We all know that we come under significant stress and anxiety due to death, divorce, unemployment, property sale and purchase. Surprisingly, purchasing and selling a business is also one of the most anxiety-provoking.

Why is the sale of an IFA business so stressful?

  1. Clients have become friends over the years, and advisors want to ensure that clients are cared for in the future. So, there is a genuine emotional involvement in the sale process.
  2. As a result, Retiring IFAs can become fixated upon their irreplaceability and end up seeking a buyer who doesn’t exist. Time wasted.
  3. Retiring IFAs have worked hard growing their business and want to ensure that they get good value for their endeavours.
  4. Sometimes the IFA seller is not quite sure what they want. Do they want to sell and retire, do they want to sell part and continue and carry-on working, do they want to sell and have a senior management role in the new business? Do they want to sell at all?
  5. Before the RDR, there were few large buyers in the market. Today there are a plethora of choices for the IFA vendor. Sometimes it is challenging for an IFA to understand the differences each consolidator offers. Let us look at the main
    differentials.

Consolidator Overview

Consolidators owned by Private equity firms dominate the market.
IFA business owners, by nature, take the long-term view on behalf of clients. Therefore, they can understand that PE companies generally have a five-year window before selling on their stake or bringing the business to the stock market.
This is a real problem for IFAs because they know that their business will change hands with an inevitable future impact upon their clients. Often IFAs remain with the new company after the sale, and the thought of further changes in the future does not sit comfortably.
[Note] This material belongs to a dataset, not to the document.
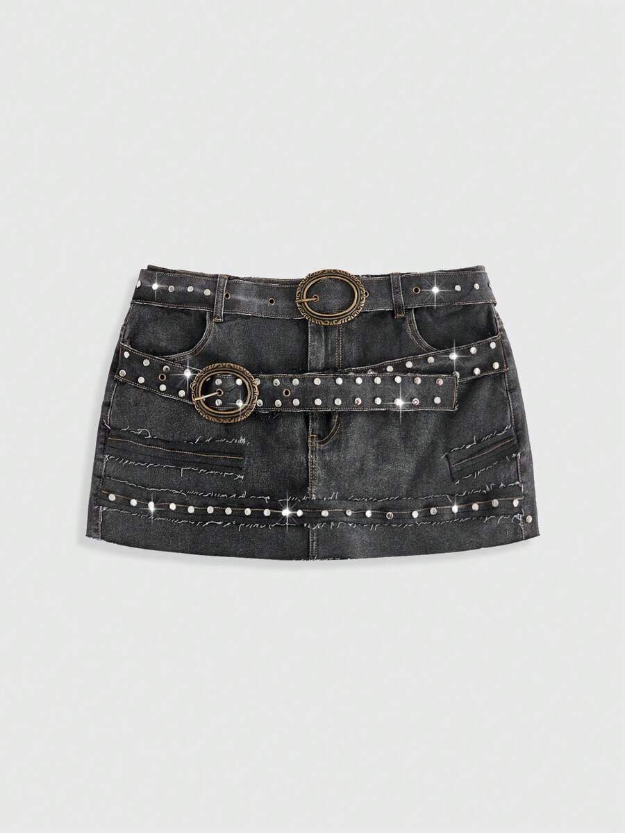 Grunge Punk Grunge-Punk Rivet Distressed Vintage Denim Skirt With Belt, Plus Size

That said, consolidators do differ significantly.
Some focus upon smaller IFAs, one man/woman band type operations of which there are many. Such a consolidator with a small IFA focus may prove more attractive to a smaller IFA who perhaps feels that the acquirer better understands their needs and the needs of their clients.

Most consolidators, however, focus on buying up significant assets under influence and therefore focus upon larger businesses.

Larger IFA businesses tend to sell on an EBITDA basis rather than traditional multiple valuations. It is not uncommon to be offered up to 9 x EBITDA for such a business, depending upon if the business owners stay with the company and contribute to the growth of the new business. Generally, an indicative offer for a more significant business with staff remaining on board is higher than a small retiring IFA.

Another consolidator option is the ‘deferred buyout’.
In my experience, this can produce the greatest reward for retiring IFAs or IFAs seeking to find a long-term business partner in an ever-complex business sector.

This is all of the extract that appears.